→ EXERCISE OBJECTIVE
Below is some data. Retype exactly the lines starting at the one with "- 3 - Le voile" and ending at the one with "Enjoy the perfect".

→ EXTRACTED INFORMATION
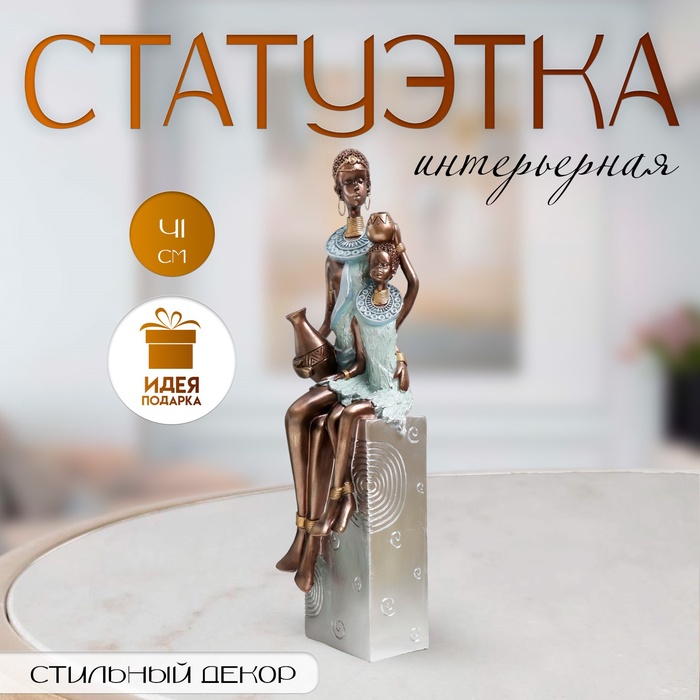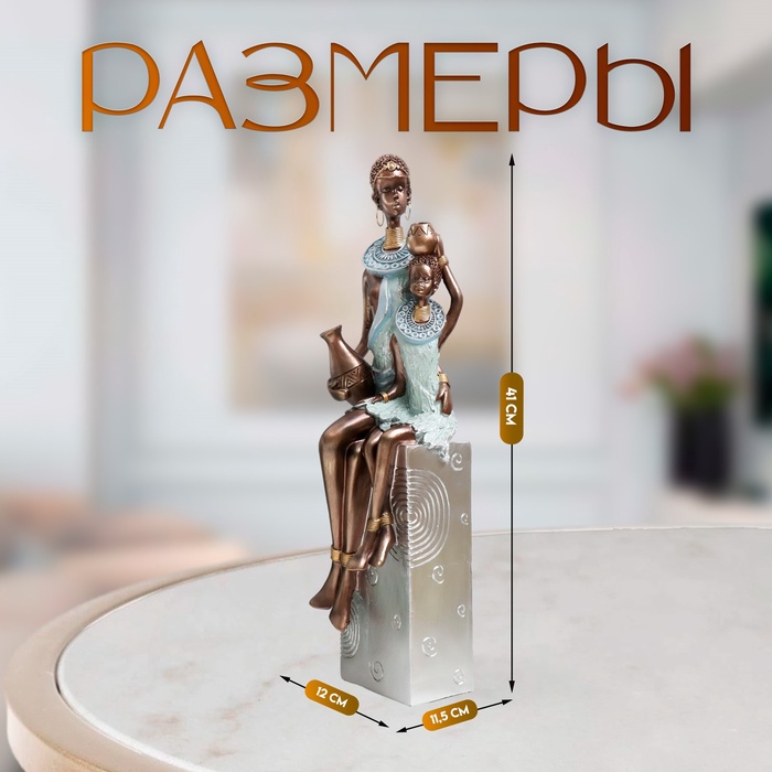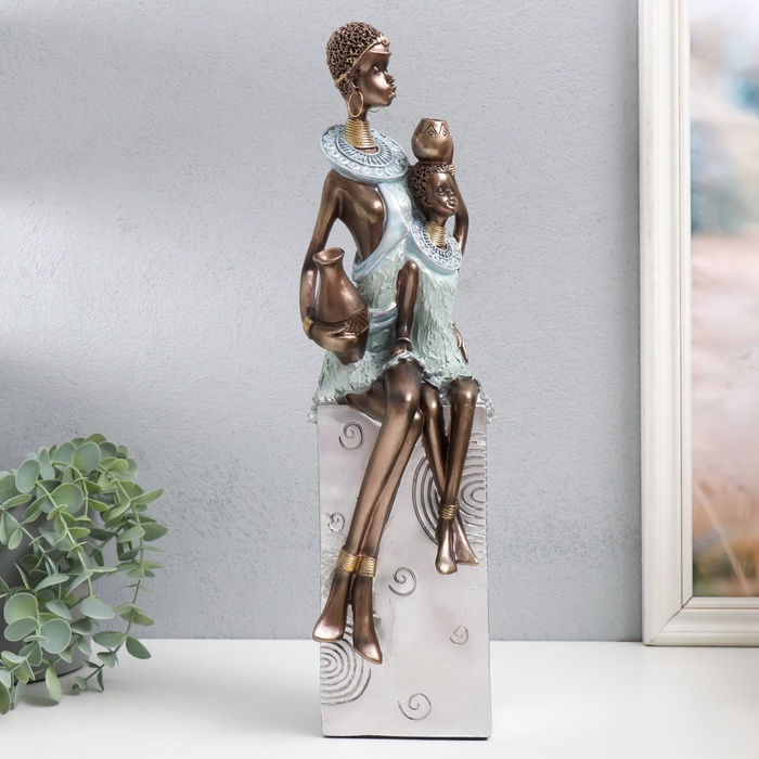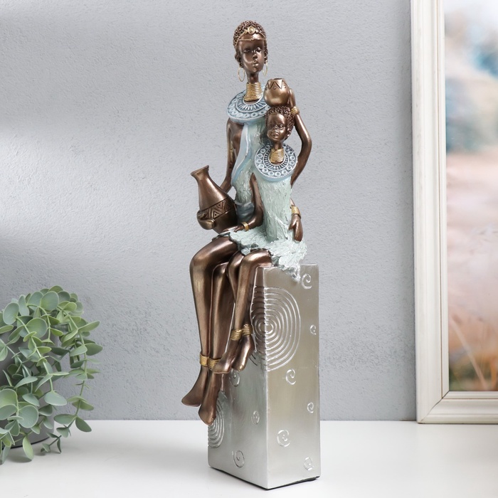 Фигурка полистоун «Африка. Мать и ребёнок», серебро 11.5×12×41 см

* * *

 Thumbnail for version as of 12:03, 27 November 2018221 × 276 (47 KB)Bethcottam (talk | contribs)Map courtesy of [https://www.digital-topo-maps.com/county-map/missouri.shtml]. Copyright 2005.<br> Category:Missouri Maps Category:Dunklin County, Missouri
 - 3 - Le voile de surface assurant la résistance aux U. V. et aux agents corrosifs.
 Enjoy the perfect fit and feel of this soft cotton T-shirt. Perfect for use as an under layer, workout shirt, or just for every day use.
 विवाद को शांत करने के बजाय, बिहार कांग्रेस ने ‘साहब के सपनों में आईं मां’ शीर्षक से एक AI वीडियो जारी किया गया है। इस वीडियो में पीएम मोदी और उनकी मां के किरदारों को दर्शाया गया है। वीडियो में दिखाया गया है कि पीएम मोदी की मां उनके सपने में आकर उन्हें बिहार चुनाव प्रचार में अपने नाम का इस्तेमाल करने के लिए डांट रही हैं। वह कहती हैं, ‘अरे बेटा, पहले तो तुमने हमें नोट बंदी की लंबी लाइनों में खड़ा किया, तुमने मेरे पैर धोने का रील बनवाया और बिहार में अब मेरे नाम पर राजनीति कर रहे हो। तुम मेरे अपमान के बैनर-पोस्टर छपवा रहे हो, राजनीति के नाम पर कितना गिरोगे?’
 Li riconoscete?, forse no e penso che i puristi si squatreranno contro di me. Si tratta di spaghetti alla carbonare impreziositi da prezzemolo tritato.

→ COMPLETED TASK
 - 3 - Le voile de surface assurant la résistance aux U. V. et aux agents corrosifs.
 Enjoy the perfect fit and feel of this soft cotton T-shirt. Perfect for use as an under layer, workout shirt, or just for every day use.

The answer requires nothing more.